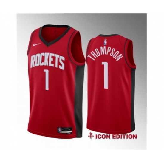 Men's Houston Rockets #1 Amen Thompson Red 2023 Draft Swingman Icon Edition Stitched Basketball Jersey
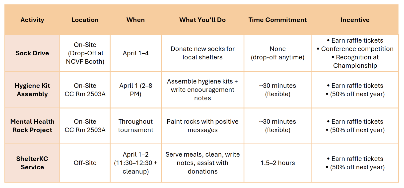 Serve It Up is your chance to represent your team, your conference, and your values by giving back to the Kansas City community. Whether you’ve got 5 minutes or a full hour, every action counts. Participants can contribute through several meaningful service activities, both on-site and off-site. These opportunities are designed to make a real impact while fitting into your tournament schedule.
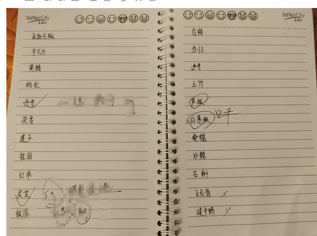他拿出了个家里有的药的小本子,有好多页,家里堆了各种药材和成品方剂。

══════════════════════════════

[TO DO]
What is needed is every line from the one with "Serve It Up" to the final line of the listing above, set down exactly and with the pictures left out.

[EXERCISE ANSWER]
 Serve It Up is your chance to represent your team, your conference, and your values by giving back to the Kansas City community. Whether you’ve got 5 minutes or a full hour, every action counts. Participants can contribute through several meaningful service activities, both on-site and off-site. These opportunities are designed to make a real impact while fitting into your tournament schedule.
他拿出了个家里有的药的小本子,有好多页,家里堆了各种药材和成品方剂。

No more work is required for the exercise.